=== WHAT IS BEING ASKED ===
Make an exact copy of the listing below. Pictures stay out of it.

=== STORED DATA ===
== Segment start ==

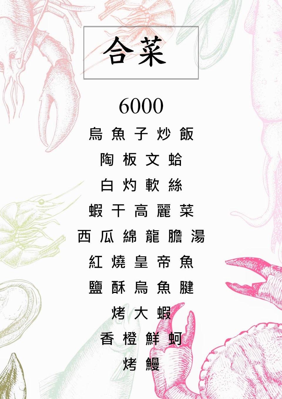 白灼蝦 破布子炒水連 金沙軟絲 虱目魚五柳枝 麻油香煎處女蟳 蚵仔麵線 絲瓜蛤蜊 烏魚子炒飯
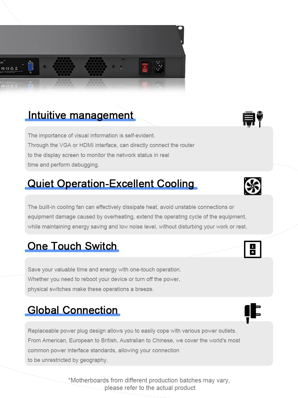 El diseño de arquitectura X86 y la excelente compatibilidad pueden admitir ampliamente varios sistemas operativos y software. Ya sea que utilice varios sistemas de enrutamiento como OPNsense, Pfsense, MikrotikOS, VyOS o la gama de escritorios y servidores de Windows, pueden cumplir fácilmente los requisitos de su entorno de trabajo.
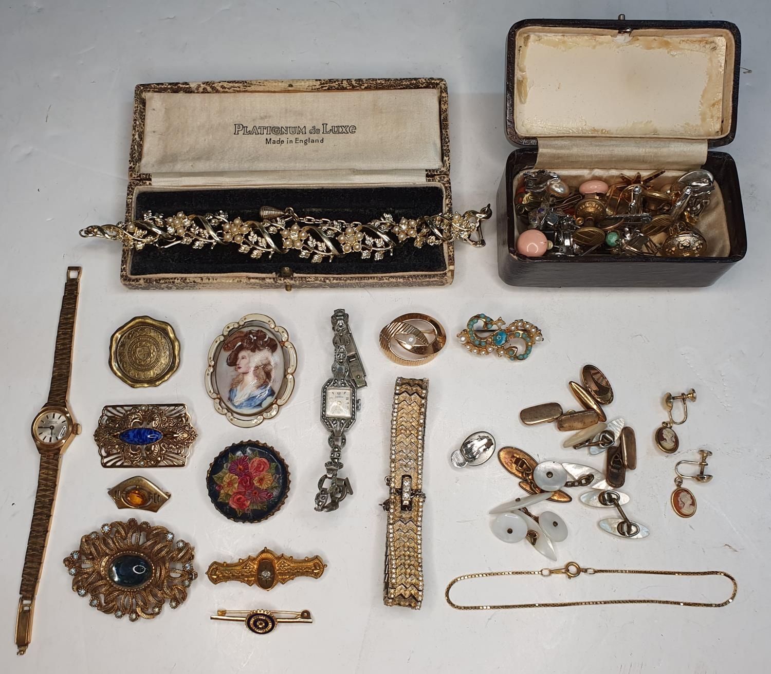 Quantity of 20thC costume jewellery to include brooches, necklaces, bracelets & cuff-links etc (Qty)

== Segment end ==

=== ANSWER ===
 白灼蝦 破布子炒水連 金沙軟絲 虱目魚五柳枝 麻油香煎處女蟳 蚵仔麵線 絲瓜蛤蜊 烏魚子炒飯
 El diseño de arquitectura X86 y la excelente compatibilidad pueden admitir ampliamente varios sistemas operativos y software. Ya sea que utilice varios sistemas de enrutamiento como OPNsense, Pfsense, MikrotikOS, VyOS o la gama de escritorios y servidores de Windows, pueden cumplir fácilmente los requisitos de su entorno de trabajo.
 Quantity of 20thC costume jewellery to include brooches, necklaces, bracelets & cuff-links etc (Qty)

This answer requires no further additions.